We understood that failing to maintain normothermia can cause numerous complications and realized the inconsistency of our facility’s temperature measurement practices created the possibility of hypothermia going undetected in a significant number of patients.
Staff at different points of the perioperative process would use various temperature reading methods: oral, rectal, temporal artery, esophageal and pulmonary artery. In fact, we identified instances of inconsistent temperature taking throughout the surgical encounter for the same patient. Each of these methods had varying reliability, which created inconsistency in our ability to determine which patients were hypothermic and how big of an issue we faced in ensuring staff applied active warming methods appropriately and properly.
The core temperature is the most accurate temperature source with less variation caused by environmental factors. In the past, the use of invasive devices was the only option for capturing core body temperature readings, a factor that limited their use and availability for relatively minor surgical procedures. Our goal was to implement a consistent, reliable and easy-to-use non-invasive method of recording temperatures in all phases of surgical care. We decided to implement a standardized monitoring system after trialing a non-invasive core temperature measurement device that hospital stakeholders approved for purchase. The device utilizes a single-use sensor that sticks to the patient’s forehead and quickly delivers an accurate temperature reading. It can be used through each phase of care, allowing for clinical efficiency and accuracy.

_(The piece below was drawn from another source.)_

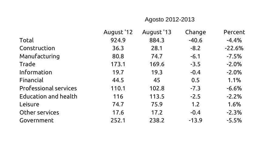 De acuerdo con el informe REGIONAL AND STATE EMPLOYMENT AND UNEMPLOYMENT — AUGUST 2013 publicado hoy por el Bureau of Labor Statistics del Departamento del Trabajo de Estados Unidos, el empleo asalariado no-agrícola en Puerto Rico se redujo de 924,900 en agosto de 2012 a 884,300 en agosto de 2013, una reducción de 40,600 empleos, equivalente a un 4.4%, en un periodo de 12 meses. La tabla a continuación contiene un desglose por sector económico:

Nursing and anesthesia staff members from all perioperative settings received training on using the temperature-taking device. Implementation of the standardized program was successful after providers completed the learning curve, troubleshooting took place and validation of the initial data collection was obtained. Initial findings showed unintended hypothermia was a much more significant issue than we previously thought; informal data gathering suggested 45% of our patients were hypothermic.
Staff were unsure whether to trust the volume of hypothermic patients initially detected with the new device, as it recorded temperatures that were much lower than values recorded with traditional temporal artery probes. The literature reports that temporal artery values are an acceptable reflection of core temperature in the normothermic patient, but unreliable for temperatures outside the normothermic range.
Staff appreciate the ease with which they can transfer data from the non-invasive devices into our hospital’s electronic medical record. The collection of accurate and standardized temperature readings provides an easier way to conduct audits that focus on how compliance with temperature-taking protocols and active warming practices impacts rates of hypothermia among surgical patients.
Our initial investigation into the higher-than-expected rates of surgical complications and the collection of accurate temperatures along the perioperative pathway alerted us that our patient warming protocols needed to be standardized. Every patient in pre-op is now given a forced-air warming gown; they feel more involved in their care by being able to control the temperature of the gown and adjust it to their level of comfort.
The constant flow of warm air circulating through the gown elevates peripheral body temperature, not core body temperature. This active pre-warming technique reduces the temperature gradient from core to peripheral areas. When patients arrive in the OR, a forced-air warming blanket and other modalities are used to maintain their core body temperatures and reduce heat loss. Postoperatively, warming gowns are reapplied and utilized until patients meet criteria for discharge from the recovery unit.